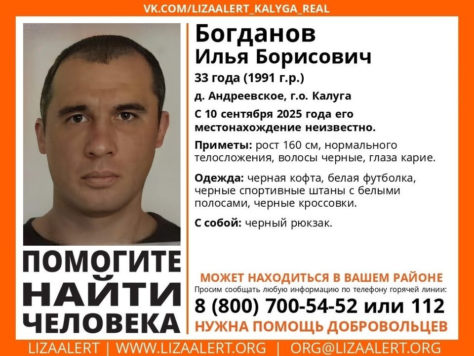 ▪️ В Калуге ищут мужчину с черным рюкзаком В деревне Андреевское пропал 33-летний Илья Богданов. В последний раз его видели еще 10 сентября. О поисках мужчины объявили в отряде "Лиза Алерт". Приметы пропавшего: рост 160 сантиметров, нормального телосложения, черные волосы, карие глаза. Был одет в черную кофту, белую футболку, черные спортивные штаны с белыми полосками, черные кроссовки. С собой у мужчины был черный рюкзак. Любую информацию о местонахождении Ильи Богданова просят сообщать по телефону горячей линии 8 800 700-54-52 или 112.
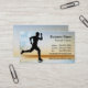 Unikt, modernt affärskort för Professionell Trainer and Fitness Coach som sätter dig före konkurrensen med stil och rent linjer. Att köra mansilhuett över ljusblå och brun bakgrund med hjärtslag. Matchande bakåtdesign för kort. Anpassa fram- och baktext med din information.
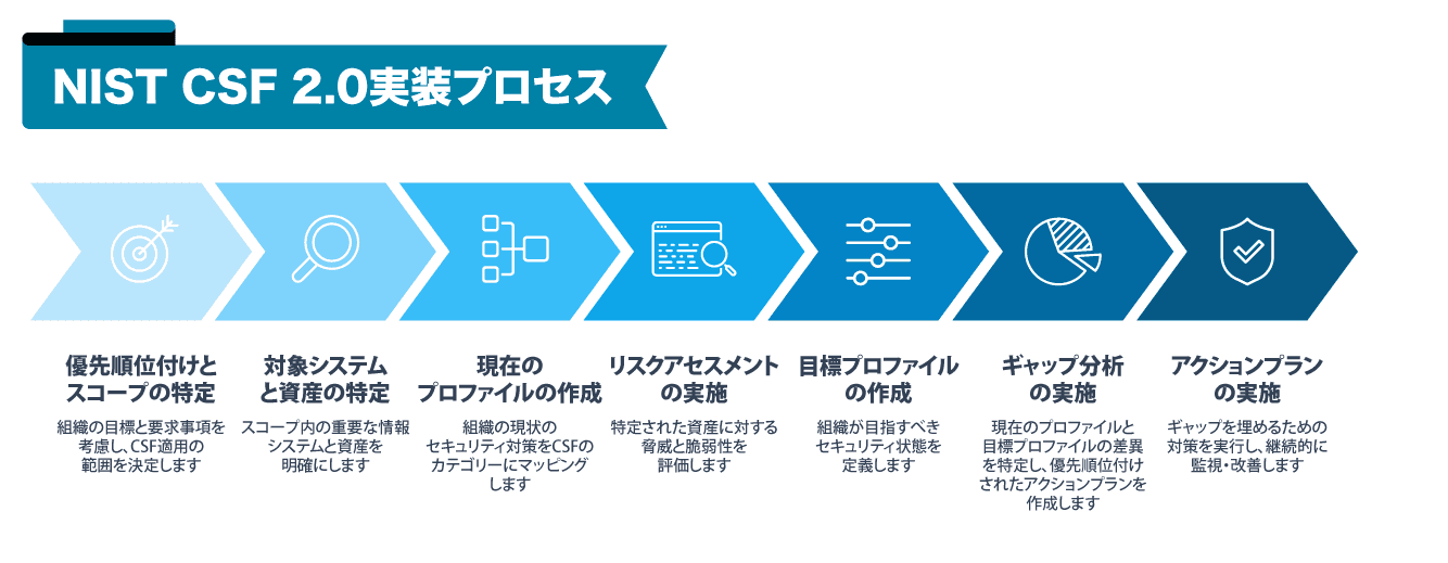 NIST CSFを効果的に実践するために、組織は以下の7つのステップを踏むことが推奨されています:
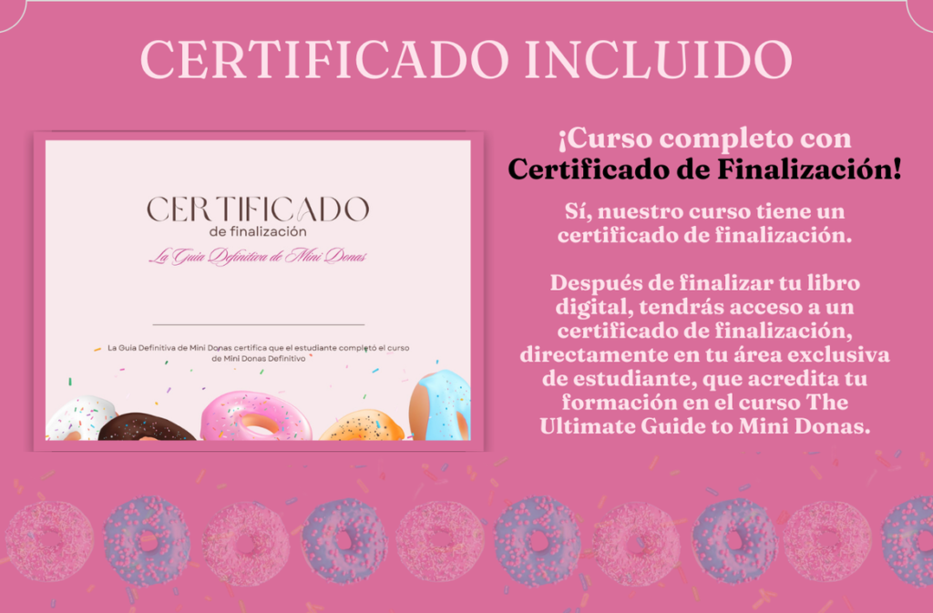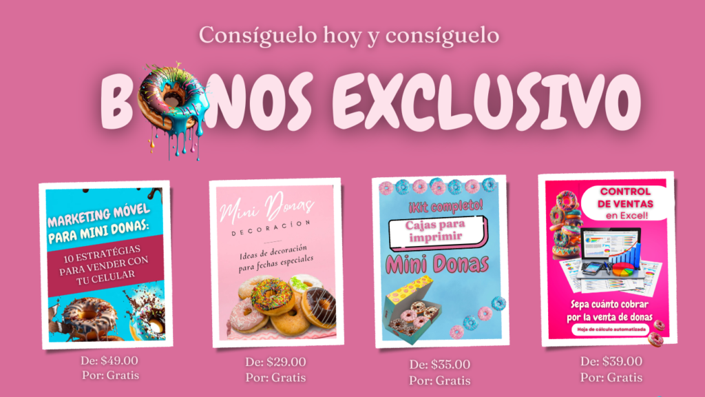 Este ebook incluye todo lo que necesitas para comenzar tu propio negocio de mini donas, desde las recetas básicas hasta las estrategias de marketing más efectivas.
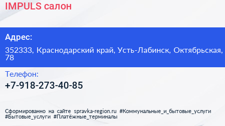 IMPULS, салон по адресу 352333, Краснодарский край, Усть-Лабинск, Октябрьская, 78 в дальнейшем Организация, размещена в следующих категориях:
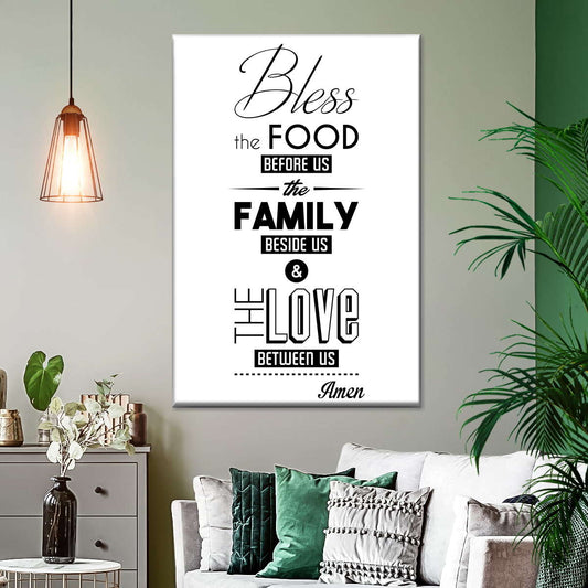 Bless The Food Typography Canvas Wall Art - Christian Wall Decor Art - Religious Wall Decor
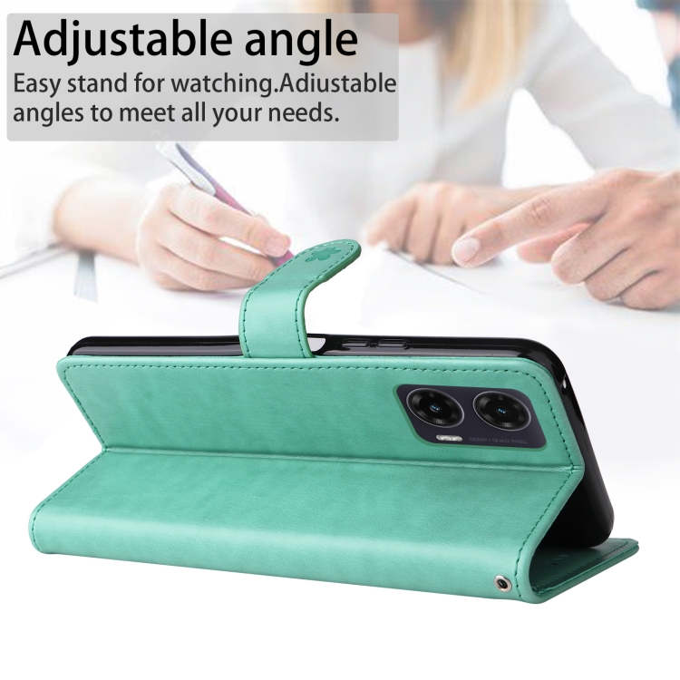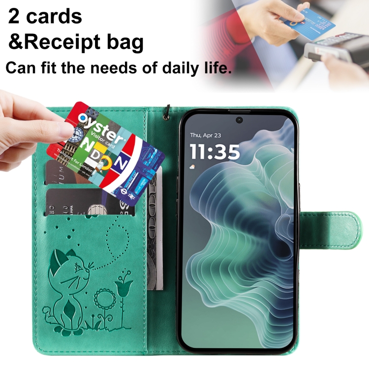 Funda de Cuero con Tapa para Motorola Moto G35 con Diseño de Gato y Abeja (Verde)
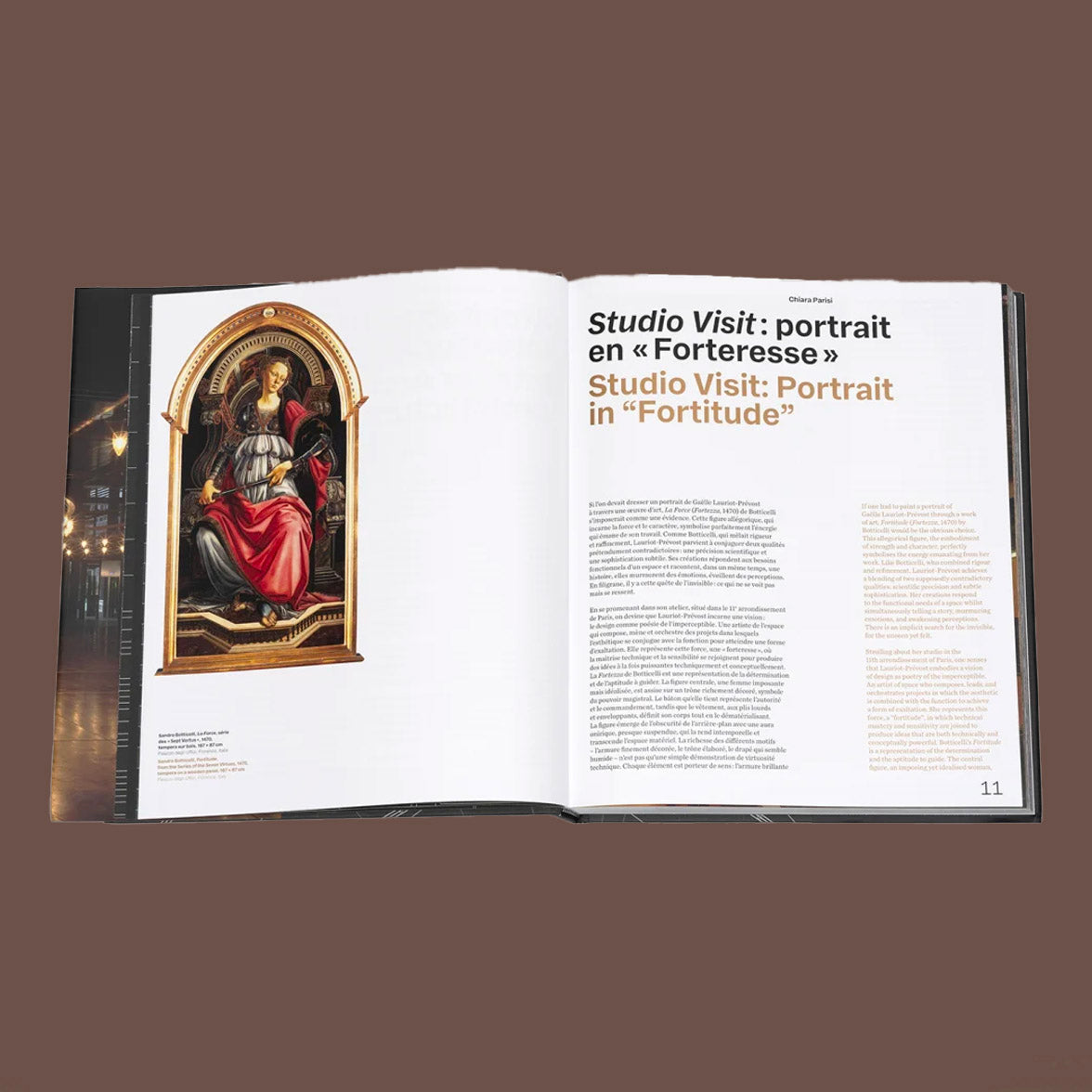 la designer acompagné d’un reportage photo dans l’atelier. Le graphisme est
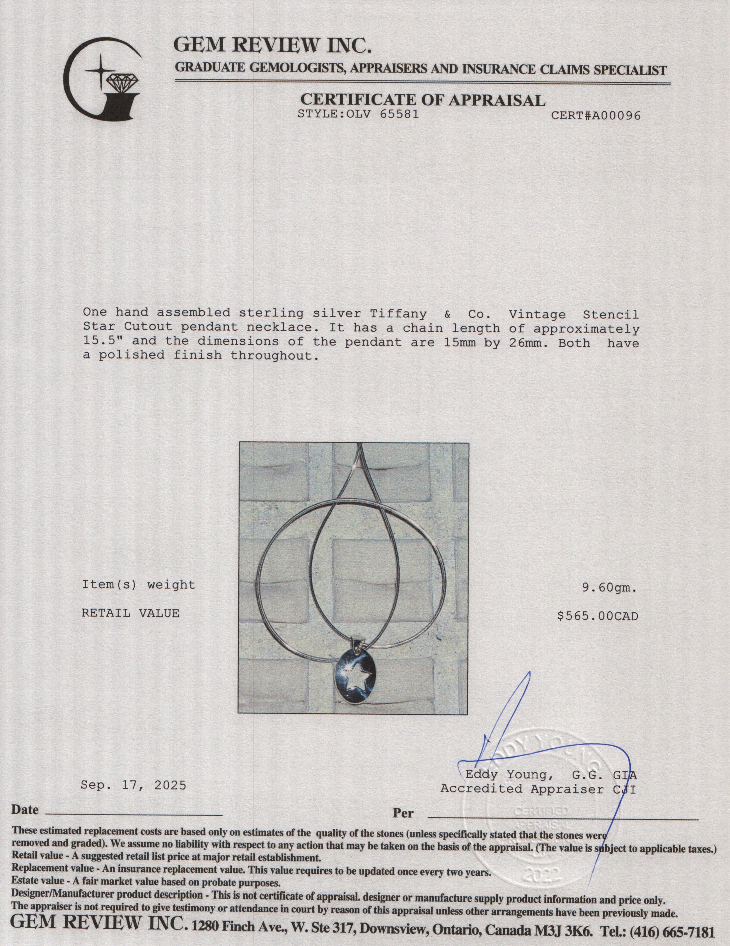 Vintage Sterling Silver Stencil Star Cutout Pendant Necklace
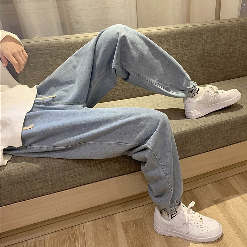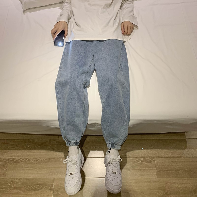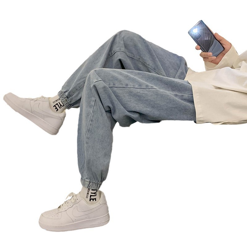 牛仔裤男春夏高街ins潮牌帅气原宿风裤子宽松韩版潮流束脚九分裤
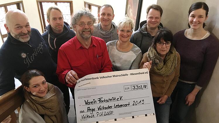 Sechs Winzer und zwei Gastronomiebetriebe aus Volkach veranstalten jährlich das kulinarisch musikalische Winzerhoffestival Volkacher Lebensart. Die beteiligten Betriebe haben sich in einer Arbeitsgemeinschaft zusammengeschlossen und den Beschluss gefasst: Sollte durch den Verkauf der Eintrittstickets für das zweitägige Festival nach Abzug aller Kosten ein Gewinn verbleiben, wird dieser gespendet. Vor wenigen Tagen war es nun soweit, heißt es in einer Pressemitteilung. Die beteiligten Winzer und Gastronomen der ArGe Volkacher Lebensart 2019 überreichten einen Scheck über 3303,78 Euro an den Verein Fortschritt. Schon jetzt werden die Weichen für die musikalisch-kulinarische Volkacher Lebensart 2020 gestellt. Die Veranstaltung ist für Freitag, 5. und Samstag, 6. Juni, vorgesehen. Karten wird es ab Mitte April im Vorverkauf geben.

WHAT IS BEING ASKED →
The job is to set down the whole listing exactly, excluding any images.

RESPONSE TO THIS EXERCISE →
 ▪️ В Калуге ищут мужчину с черным рюкзаком В деревне Андреевское пропал 33-летний Илья Богданов. В последний раз его видели еще 10 сентября. О поисках мужчины объявили в отряде "Лиза Алерт". Приметы пропавшего: рост 160 сантиметров, нормального телосложения, черные волосы, карие глаза. Был одет в черную кофту, белую футболку, черные спортивные штаны с белыми полосками, черные кроссовки. С собой у мужчины был черный рюкзак. Любую информацию о местонахождении Ильи Богданова просят сообщать по телефону горячей линии 8 800 700-54-52 или 112.
 Unikt, modernt affärskort för Professionell Trainer and Fitness Coach som sätter dig före konkurrensen med stil och rent linjer. Att köra mansilhuett över ljusblå och brun bakgrund med hjärtslag. Matchande bakåtdesign för kort. Anpassa fram- och baktext med din information.
 NIST CSFを効果的に実践するために、組織は以下の7つのステップを踏むことが推奨されています:
 Este ebook incluye todo lo que necesitas para comenzar tu propio negocio de mini donas, desde las recetas básicas hasta las estrategias de marketing más efectivas.
 IMPULS, салон по адресу 352333, Краснодарский край, Усть-Лабинск, Октябрьская, 78 в дальнейшем Организация, размещена в следующих категориях:
 Bless The Food Typography Canvas Wall Art - Christian Wall Decor Art - Religious Wall Decor
 Funda de Cuero con Tapa para Motorola Moto G35 con Diseño de Gato y Abeja (Verde)
 la designer acompagné d’un reportage photo dans l’atelier. Le graphisme est
 Vintage Sterling Silver Stencil Star Cutout Pendant Necklace
 牛仔裤男春夏高街ins潮牌帅气原宿风裤子宽松韩版潮流束脚九分裤
 Sechs Winzer und zwei Gastronomiebetriebe aus Volkach veranstalten jährlich das kulinarisch musikalische Winzerhoffestival Volkacher Lebensart. Die beteiligten Betriebe haben sich in einer Arbeitsgemeinschaft zusammengeschlossen und den Beschluss gefasst: Sollte durch den Verkauf der Eintrittstickets für das zweitägige Festival nach Abzug aller Kosten ein Gewinn verbleiben, wird dieser gespendet. Vor wenigen Tagen war es nun soweit, heißt es in einer Pressemitteilung. Die beteiligten Winzer und Gastronomen der ArGe Volkacher Lebensart 2019 überreichten einen Scheck über 3303,78 Euro an den Verein Fortschritt. Schon jetzt werden die Weichen für die musikalisch-kulinarische Volkacher Lebensart 2020 gestellt. Die Veranstaltung ist für Freitag, 5. und Samstag, 6. Juni, vorgesehen. Karten wird es ab Mitte April im Vorverkauf geben.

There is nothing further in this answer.